> **EXERCISE DIRECTIONS**
From the data below, return only the lines from the one with "ヒーロー風カッコイイあだ名 | 『友情の使者マナーモード』 |" through the one with "Vintage Accessory, Cuff", exact and inclusive, with pictures left out.

> **THE DATA**
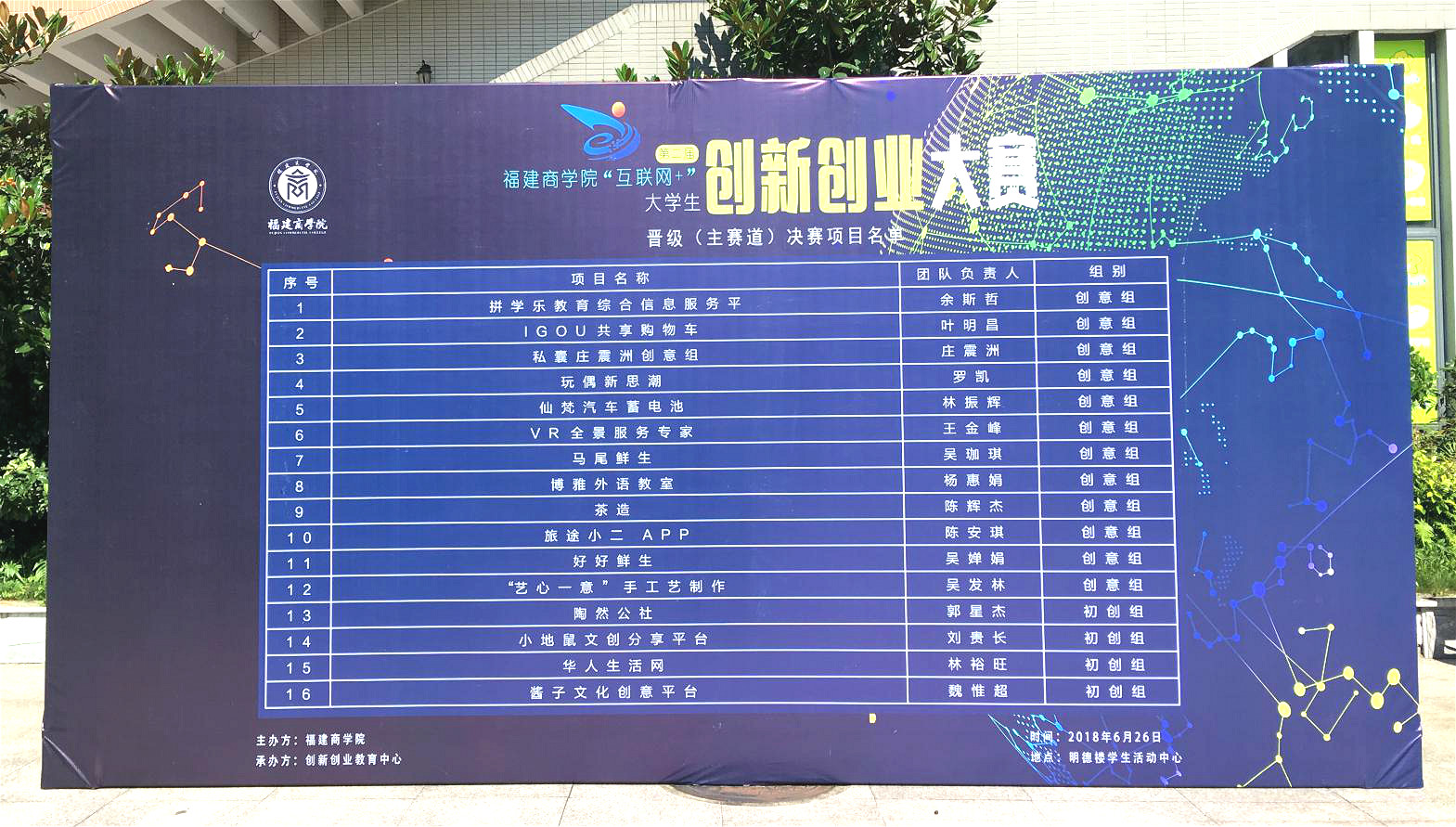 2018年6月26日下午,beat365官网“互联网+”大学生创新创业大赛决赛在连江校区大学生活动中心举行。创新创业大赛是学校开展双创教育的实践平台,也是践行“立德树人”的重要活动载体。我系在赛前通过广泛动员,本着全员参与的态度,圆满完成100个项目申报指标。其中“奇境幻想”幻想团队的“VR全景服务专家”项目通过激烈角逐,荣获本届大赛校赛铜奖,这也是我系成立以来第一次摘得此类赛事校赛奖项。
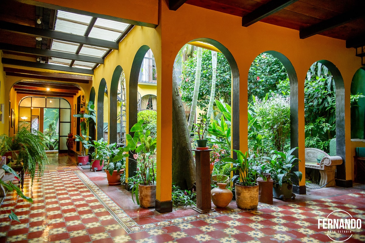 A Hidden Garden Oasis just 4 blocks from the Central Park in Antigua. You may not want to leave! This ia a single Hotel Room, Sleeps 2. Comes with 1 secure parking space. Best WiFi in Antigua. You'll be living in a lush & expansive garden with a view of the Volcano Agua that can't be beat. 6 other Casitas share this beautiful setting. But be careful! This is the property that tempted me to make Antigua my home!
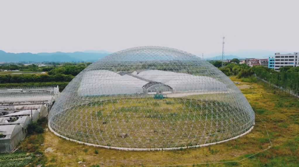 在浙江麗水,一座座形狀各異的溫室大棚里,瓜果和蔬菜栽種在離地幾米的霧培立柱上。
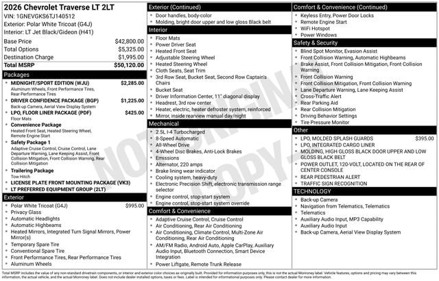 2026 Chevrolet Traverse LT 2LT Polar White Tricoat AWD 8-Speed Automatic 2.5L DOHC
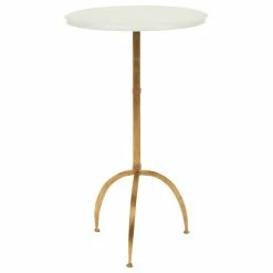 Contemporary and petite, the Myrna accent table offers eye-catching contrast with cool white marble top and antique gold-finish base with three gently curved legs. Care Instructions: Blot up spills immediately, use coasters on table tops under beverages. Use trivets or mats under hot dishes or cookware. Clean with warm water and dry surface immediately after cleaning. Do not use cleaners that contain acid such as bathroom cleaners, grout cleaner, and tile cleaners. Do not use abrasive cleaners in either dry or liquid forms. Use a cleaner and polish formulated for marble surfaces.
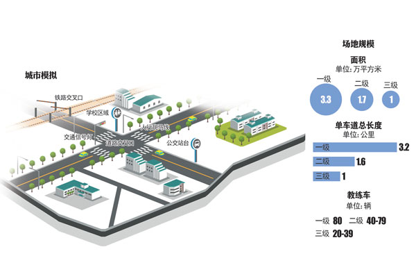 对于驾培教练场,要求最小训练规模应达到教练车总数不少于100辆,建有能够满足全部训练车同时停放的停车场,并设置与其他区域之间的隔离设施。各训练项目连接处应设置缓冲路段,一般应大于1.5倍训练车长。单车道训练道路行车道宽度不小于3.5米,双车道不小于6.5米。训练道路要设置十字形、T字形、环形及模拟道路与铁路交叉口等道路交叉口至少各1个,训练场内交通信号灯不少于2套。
---
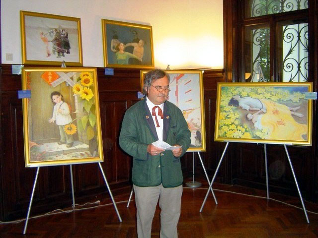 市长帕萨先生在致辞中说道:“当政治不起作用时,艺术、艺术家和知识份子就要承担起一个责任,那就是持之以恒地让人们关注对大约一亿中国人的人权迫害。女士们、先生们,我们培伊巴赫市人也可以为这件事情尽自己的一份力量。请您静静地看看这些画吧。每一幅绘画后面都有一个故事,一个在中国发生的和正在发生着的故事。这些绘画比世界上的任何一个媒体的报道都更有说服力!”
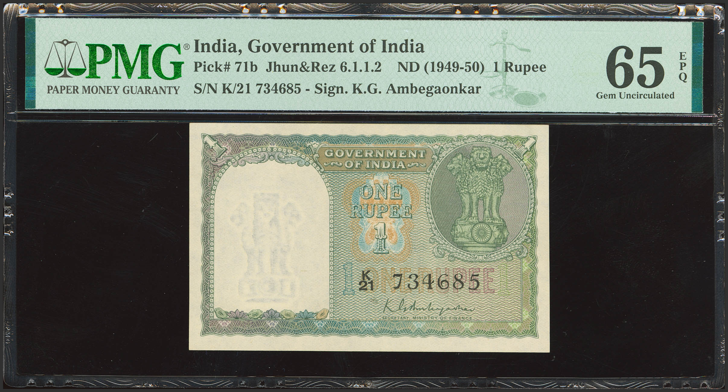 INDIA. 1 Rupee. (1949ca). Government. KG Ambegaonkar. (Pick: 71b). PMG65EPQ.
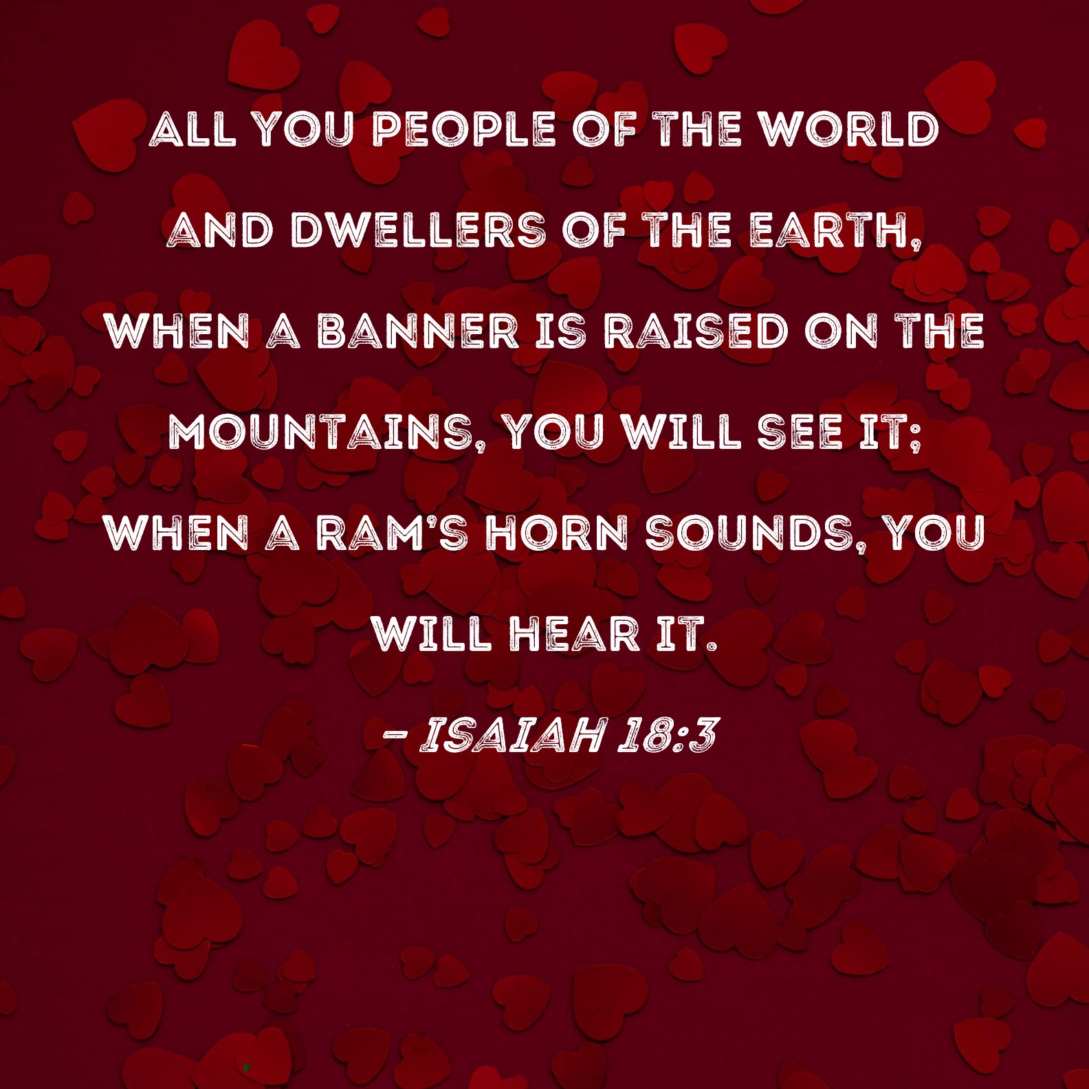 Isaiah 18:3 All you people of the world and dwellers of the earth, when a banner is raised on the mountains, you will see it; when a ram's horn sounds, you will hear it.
...
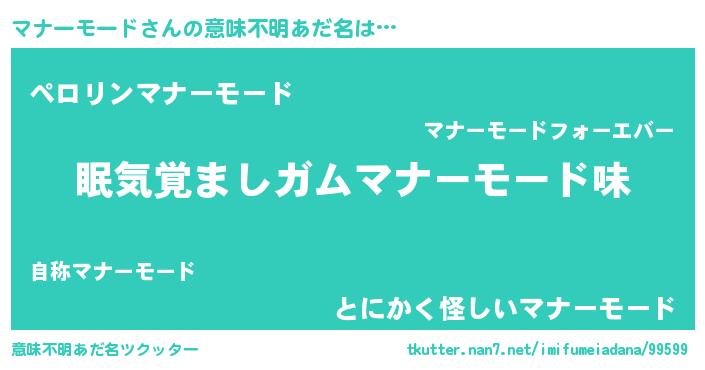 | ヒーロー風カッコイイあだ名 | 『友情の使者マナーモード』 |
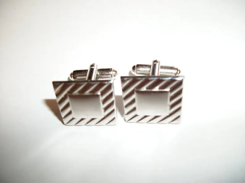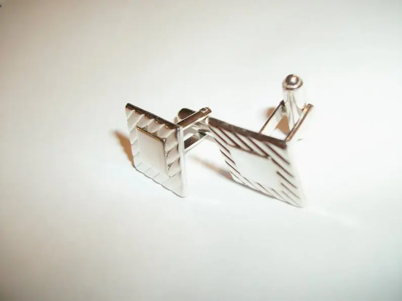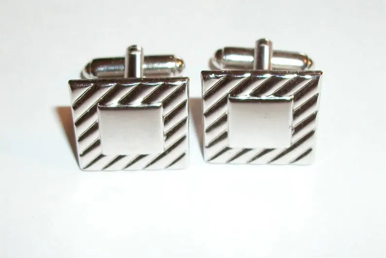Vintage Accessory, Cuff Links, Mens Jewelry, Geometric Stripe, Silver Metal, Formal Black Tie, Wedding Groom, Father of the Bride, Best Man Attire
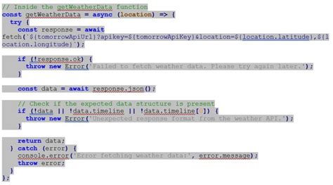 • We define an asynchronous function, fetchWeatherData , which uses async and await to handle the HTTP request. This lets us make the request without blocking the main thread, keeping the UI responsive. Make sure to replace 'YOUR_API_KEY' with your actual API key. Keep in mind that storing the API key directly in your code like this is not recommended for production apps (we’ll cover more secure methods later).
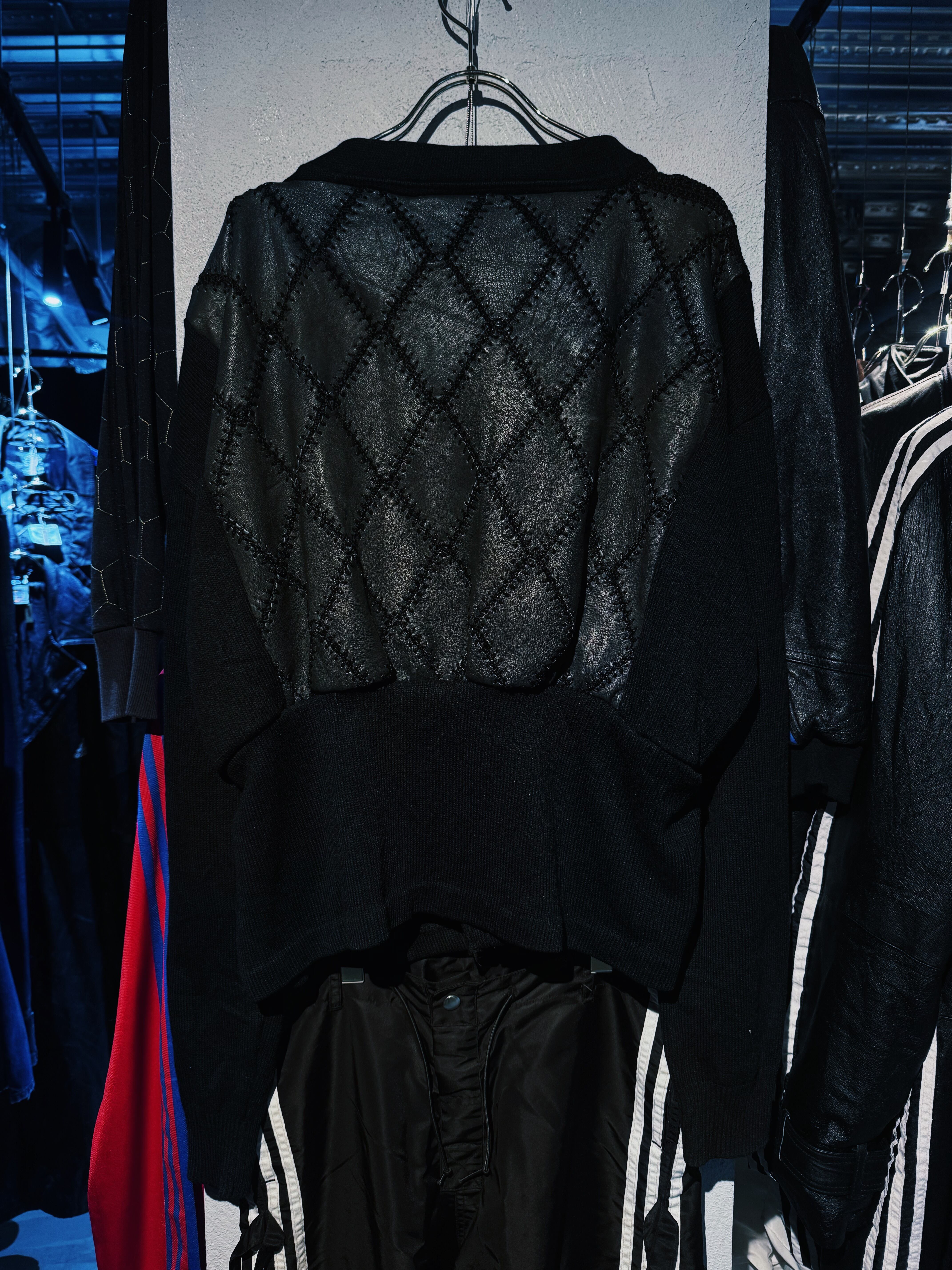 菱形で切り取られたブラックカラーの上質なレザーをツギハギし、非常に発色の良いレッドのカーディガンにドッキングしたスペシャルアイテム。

> **SOLUTION FOR THIS TASK**
 | ヒーロー風カッコイイあだ名 | 『友情の使者マナーモード』 |
Vintage Accessory, Cuff Links, Mens Jewelry, Geometric Stripe, Silver Metal, Formal Black Tie, Wedding Groom, Father of the Bride, Best Man Attire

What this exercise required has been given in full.